To take over the proxy niche one must register a lot of domains or create an advanced custom proxy solution that is more difficult to detect. You need to keep supplying your visitors with fresh working proxies. (That, or come up with a really catchy domain name) I may expand on my proxy services in the future, but for now I want to keep trying new things and working on my bread-and-butter email list management solution ListMailPRO. :D

Pay Per Click -> Made-For-AdSense
I bought the hype. I purchased videos from AdsenseDecoded to get all the secrets that most people don’t tell you for free, and they were good (really good - I highly recommend them). My effort, not so good. I took a simple WordPress theme, threw it up on a site, and created my very own MFA site. I removed all the unnecessary links and I placed the ads in all the right places. It was basically a single page original article surrounded with ads. I proceeded to purchase some PPC traffic, and completely wasted my money. The site didn’t work. I didn’t achieve 1% CTR let alone the 50% CTR that I thought was possible. The problem, I think, was mostly due to the poor site design. I didn’t have a header logo, and I didn’t use a theme that had any cool faded menu headers, etc. People these days expect graphics. In fact, I would go so far as to say they need graphics and a pleasant design so they are not as likely to identify your ads as ads. I think I could definitely do better with a better site, especially a site with more content, however I do not want to have to write a lot of content.

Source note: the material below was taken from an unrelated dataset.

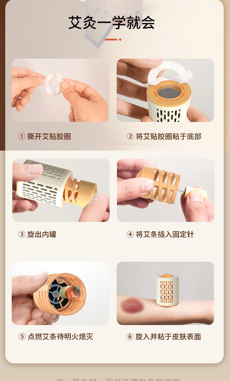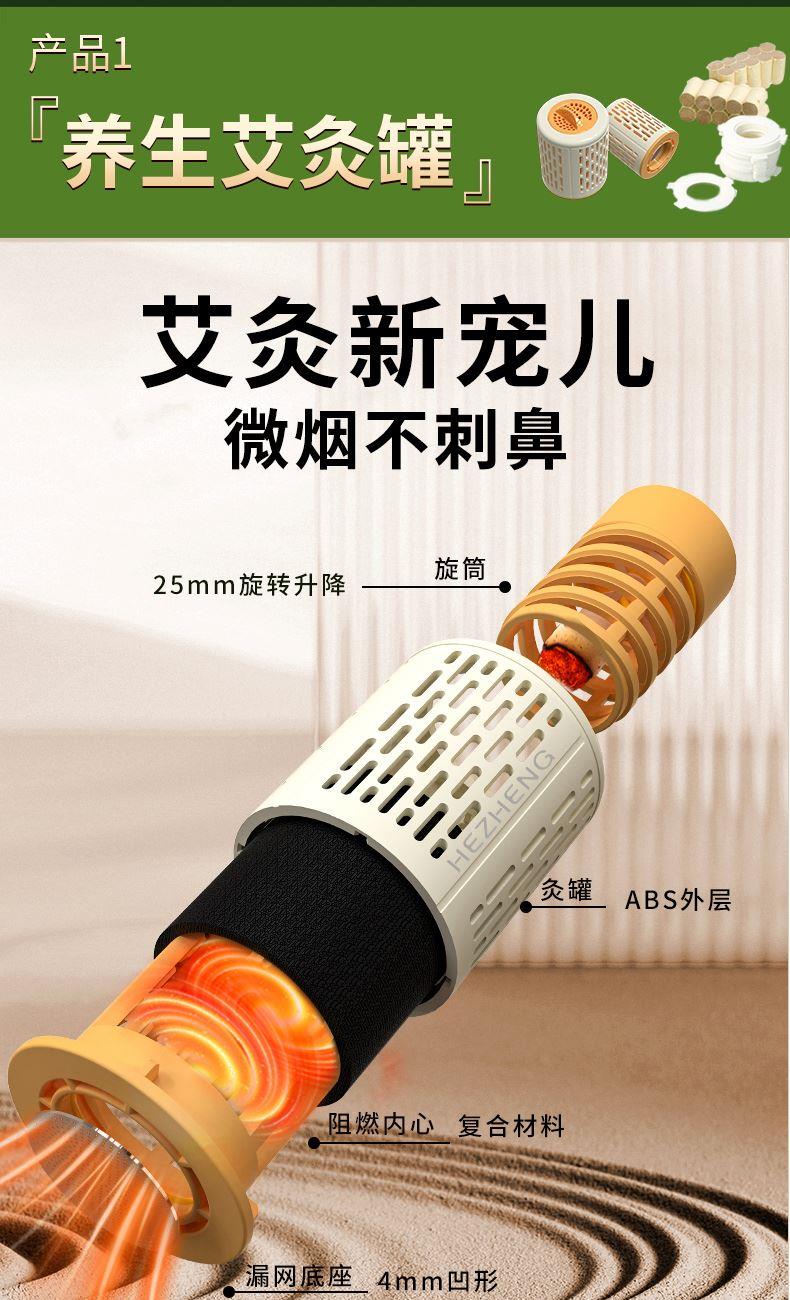 和正艾灸罐,根据艾灸理念设计而成,产品设计小巧,可循环使用;明火悬灸,升降调温,阻燃材质,多重保护,艾灸更安心;选用地道艾草精制而成的艾柱,艾香醇正,热力温润。

I kept working on another thing mentioned in AdsenseDecoded and that is buying clicks at $0.01. (Just think, if you can -guarantee- a 2 cent return on a 1 cent click that’s doubling your money - very exciting!) I’m still working on mastering this, but have had little success due to high competition. Even with advanced home-grown keyword tools (utilizing combinatorics, etc) it seems very difficult to get clicks at this rate. I think $0.05 is a better estimate of what the average click will cost these days if you want somewhat reasonable volume - more if you want high volume.

This is just the tip of the iceberg when it comes to the ideas I come up with… but I need to get back to ListMailPRO and that’s what I’m doing now. :) I will try to update this blog in a month or so with details about my earnings from AuctionAds, AdBrite and ContentLink on FeedFury and my monetization efforts for Pingsalot.